In light of the Central Bank’s decision to raise interest rates and the strong US data on employment, the central question remains: What will happen to gold prices? Gold is a precious metal that has both material and symbolic value in many cultures, and is considered a safe haven for investors during periods of economic and political turmoil. However, the effect of raising interest rates and improving economic conditions in the US could negatively affect gold prices.
When the interest rate rises, the cost of borrowing increases and the demand for gold as an investment tool declines. When interest is high, investors prefer to put their money in bank accounts that provide high returns rather than buying gold. This shift in investment trends leads to a decrease in the demand for gold and, consequently, a decrease in its prices.

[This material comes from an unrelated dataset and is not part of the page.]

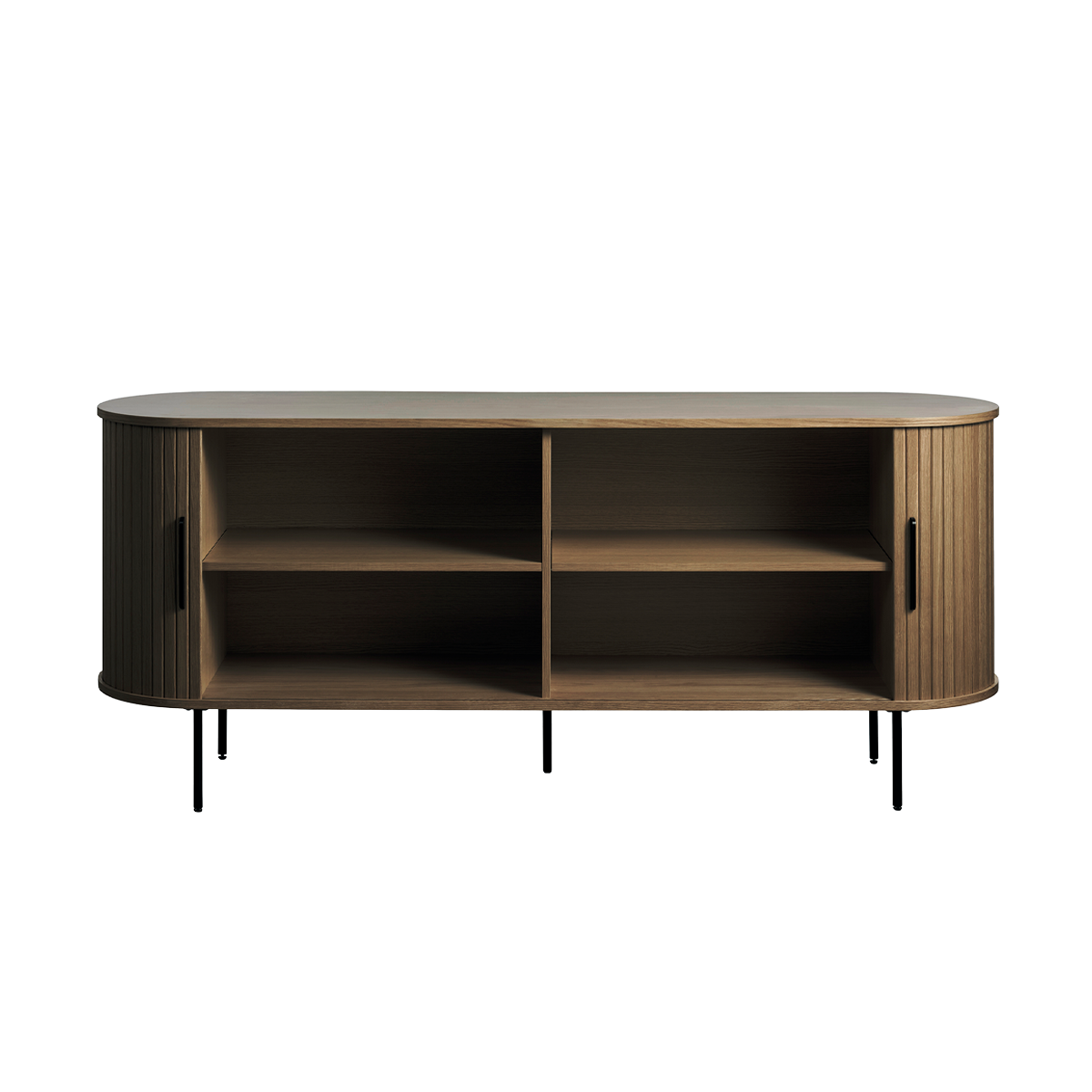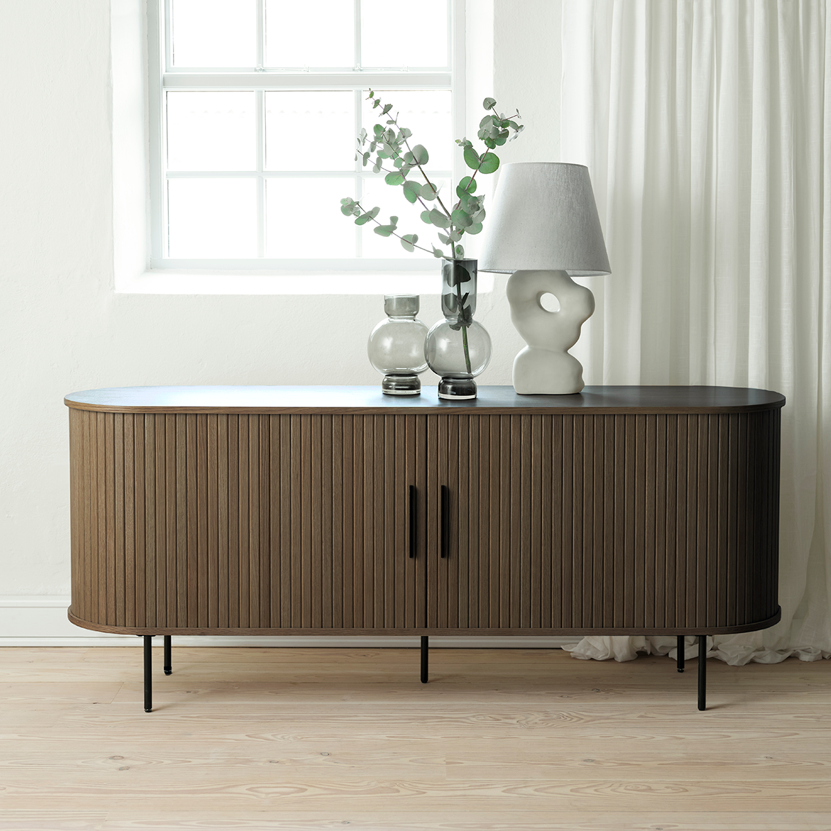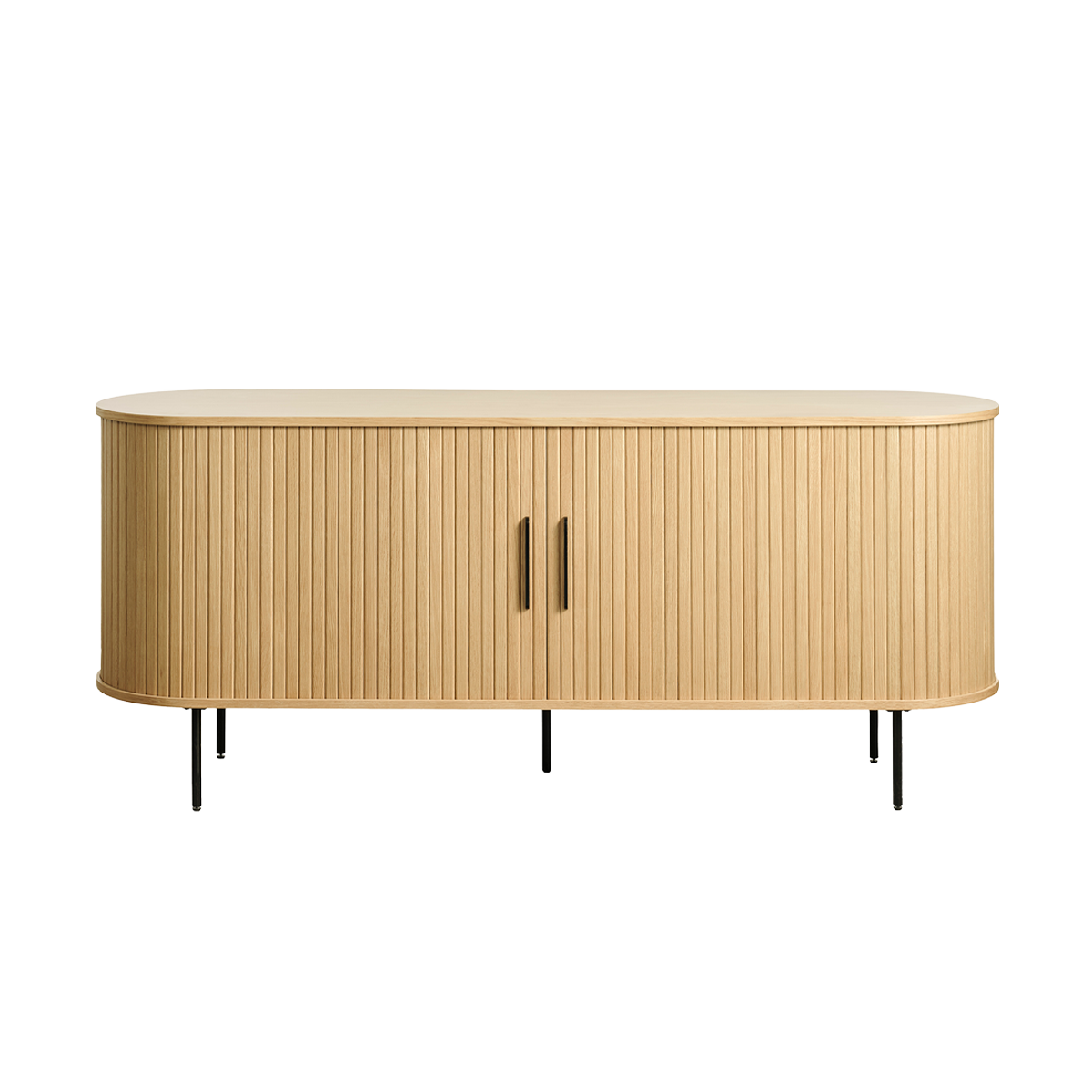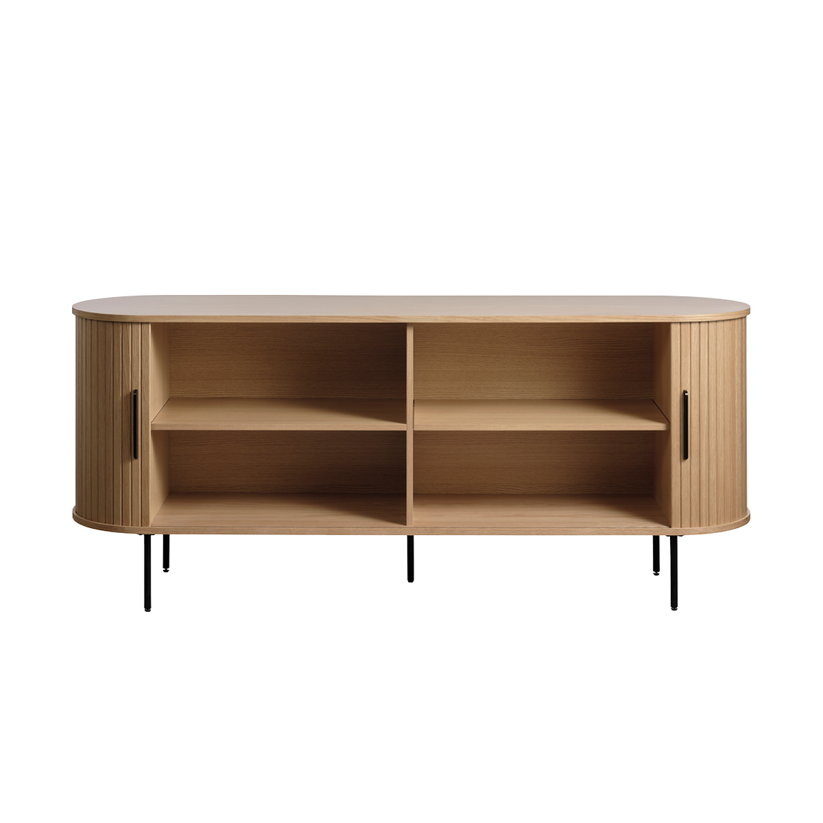 Dit stijlvolle dressoir Lenn van het merk Olivine is een echte eyecatcher in huis. Het dressoir van hout is een functioneel meubelstuk dat perfect past in elke moderne woonruimte. Met zijn strakke lijnen en tijdloze ontwerp brengt dit sideboard een warme en uitnodigende sfeer in huis. Het dressoir is gemaakt van hout en is afgewerkt met een laag eikenfineer. De vijf slanke metalen pootjes en de twee handvaten in zwarte kleur vormen een mooi contrast met het natuurlijke hout. De kast is ontworpen met schuifdeuren, wat het meubel de ideale keuze maakt voor een smalle ruimte. Binnenin het dressoir zitten vier ruime opbergvakken en aan de zijkanten zitten nog twee verborgen vakken. Dankzij de handige afmetingen kan dit houten sideboard zowel dienen als dressoir, lage kast, en zelfs als tv-meubel. Het Lenn dressoir is verkrijgbaar in vier kleuren: wit eiken, zwart eiken, gerookt eiken en naturel hout. Daarnaast is deze kast ook in een kleiner formaat verkrijgbaar en

In addition, the improvement in employment in the US may also affect gold prices. When there is strong growth in the labor market and improvement in salaries and job opportunities, investors tend to build on this economic growth and direct their investments towards other assets that yield higher returns. This includes stocks, real estate and other currencies. Thus, it increases the possibility of a decline in demand for gold and its impact on its prices.
However, we should note that gold is not only affected by internal economic factors. It is also affected by many geopolitical factors and turmoil in the international arena. When political tension, social protests or military conflicts arise, the price of gold can rise due to investors’ demand for a safe haven.
In short, the price of gold is likely to see a negative impact in light of interest rate hikes and improving economic conditions in the US. However, we must bear in mind that gold is not only affected by economic factors, but also by geopolitical factors that may lead to an increase in demand for it as a safe haven.